Да и дальше проносило… Правда мы и не пытались сбежать. Сосредоточились на поиске ключей.
Сначала в домик была переправлена шкатулка — второй раз Евор ее не “включал”. Но сказал, что поняла, как работает. Туда же утащили раму без зеркала, которая, при активации, вроде бы должна была переносить в “уготованное для удовольствий место”. После некоторых размышлений, решили пока не экспериментировать с ней. Мало ли что подразумевалось под этими словами… В воображении и так пронеслись самые разнообразные картинки. От мужского гарема до Низени наподобие нашего ада.
Ну а что, может удовольствие чертям предназначалось?
Еще была найдена книга с пустыми страницами. То, что это Ключ, планы четко сообщали. Но вот какой и что с ним делать… “Читай или пиши — пользуйся. Только помни, что время заканчивается…” Понимаете, да?
Вот и мы не поняли.
А дальше дело встало. То ли подсказки были специально-путанными, то ли Замок значительно себя перестроил со времен создания плана, то ли Ключи кто-то элементарно стащил. Перенес. Спрятал. Но вот уже четвертый день улова у нас не было.

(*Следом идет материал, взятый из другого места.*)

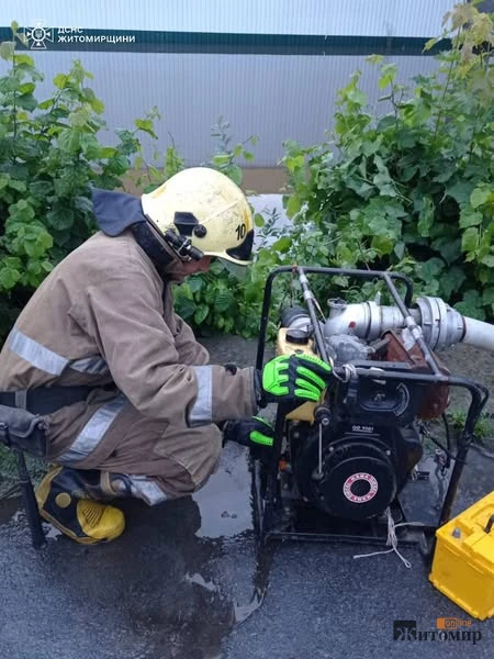 “Зокрема, було підтоплено території пʼяти приватних домоволодінь у Звягелі. Знадобилася допомога рятувальників у відкачці води. По прибуттю на місце події з’ясувалося, що підтоплені житлові будинки, господарчі будівлі та присадибні ділянки. Після восьмигодинної роботи, за допомогою автоцистерни та всмоктувального рукава, а також пожежної насосної станції бійці ДСНС відкачали близько 400 куб. м води.

И это, определенно, негативно сказывалось на настроении каждого.
Слово за слово, и мы уже раздраженно пререкались — зачем вообще искать ключи, если мы не знаем, что они дают. И пусть оба чувствуем, на уровне инстинктов — что-то важное, но может лучше сосредоточиться на поиске пусть безуспешного, но хотя бы имеющего направления “выхода”? Или перестать надеяться вовсе?
— Хочешь, научу тебя фехтовать? — на полуслове прервал очередной мой гневный спич-рассуждение Евор.

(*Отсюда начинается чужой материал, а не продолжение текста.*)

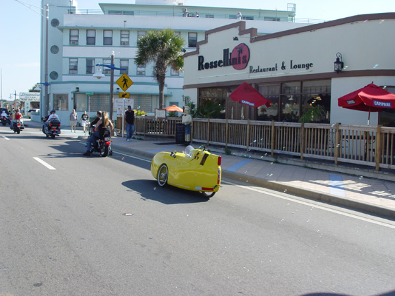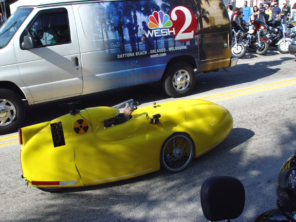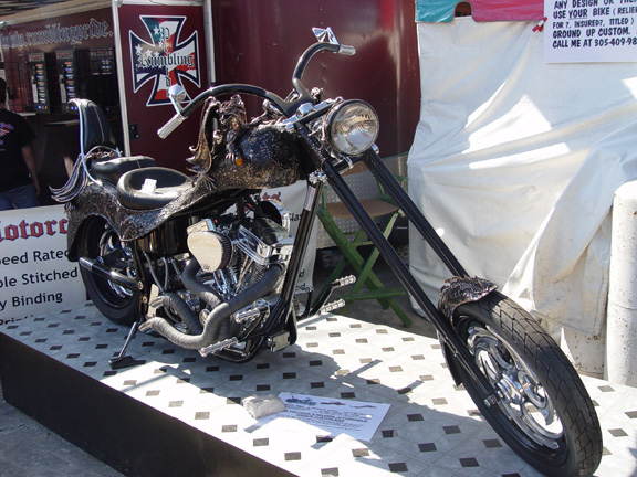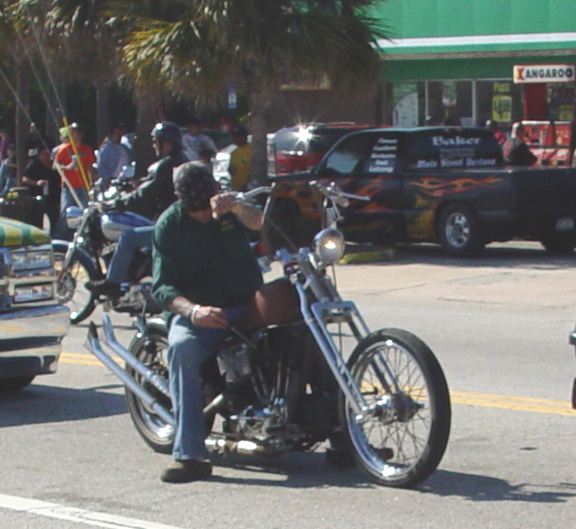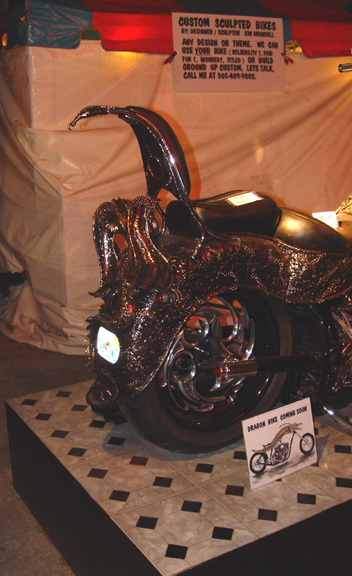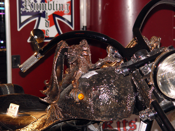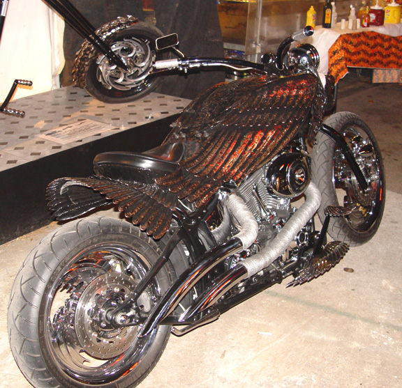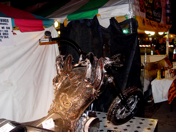 The Dragon and Eagle bikes are both completely made of hand-beaten copper by an artist, the wires even run through the arms of the dragons! While the picture of the guy on the bike by himself may not seem that interesting . . . if you look closely he's actually adjusting the bike with a screwdriver right on the street at a stoplight. He had the screwdriver in his back pocket. :)

На этот раз оказался мудрее меня.
Я глотнула воздуха, сделала глубокий вдох и сказала гораздо тише:
— Хочу.
— Тогда переодевайся, — коротко улыбнулся совсем мальчишеской улыбкой.
Я сбегала в свои комнаты и отыскала там самые тонкие брюки и широкую рубашку. И так же быстро добралась до оружейной.

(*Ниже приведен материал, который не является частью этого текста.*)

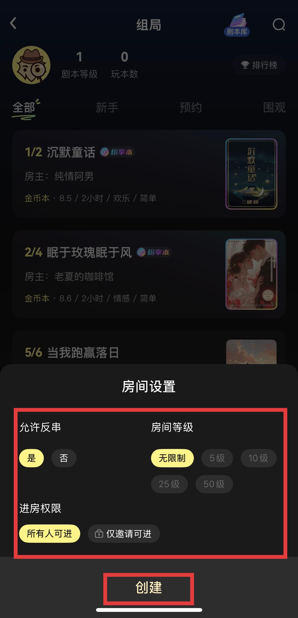 3、之后会弹出房间设置界面,在这个界面里需要选择允许反串、房间等级、进房权限等各项参数,完成选择并确认无误后,点击创建按钮,就能成功创建出剧本杀房间。

Доспехи при виде меня резко отвернулись, ушагали в угол и с многозначительным скрипом опустились грузной массой на пол.
— Чего это он… оно? — спросила мага.
— Я ж совсем забросил упражнения, — усмехнулся тот, — А сегодня пришел — и не ради него.
Обиделось…
— Держи. Это твоя, — подал мне блестящую и даже с виду тяжелую рапиру.
— А дальше?
— Руби, режь или пытайся уколоть…
— Э-м…
— Всем телом с разворота или с помощью локтя. Удар можно наносить за счет его распрямления, кисть и плечо задействованы, но не слишком…
— Я ничего не поняла…
— Скоро поймешь, — улыбнулся Евор.
Он меня обманул.
Не очень-то я поняла и потом. Несмотря на пояснения.
И вообще, у меня не получилось. Несмотря на многочисленные подходы.
Но и это оказалось не важным.
Прыжки, удары, звон, поддержка и то, как он направлял мою руку… С этими движениями выходило что-то большее, чем гнев.
Обыденность.
И получалось удовольствие — больше похоже на танец. Который мы еще ни разу не танцевали.
Когда ты очень-очень близко к другому человеку и, на секунду, кажется, что он совсем родной. И хочется сказать ему что-то хорошее, а еще лучше — прижаться сильнее. А реальность становится совсем прозрачной и четкой, и звучит, как шпага, когда та бьется о другую — звонко. Ощущается всем телом — дыханием, дрожью, дуновением воздуха…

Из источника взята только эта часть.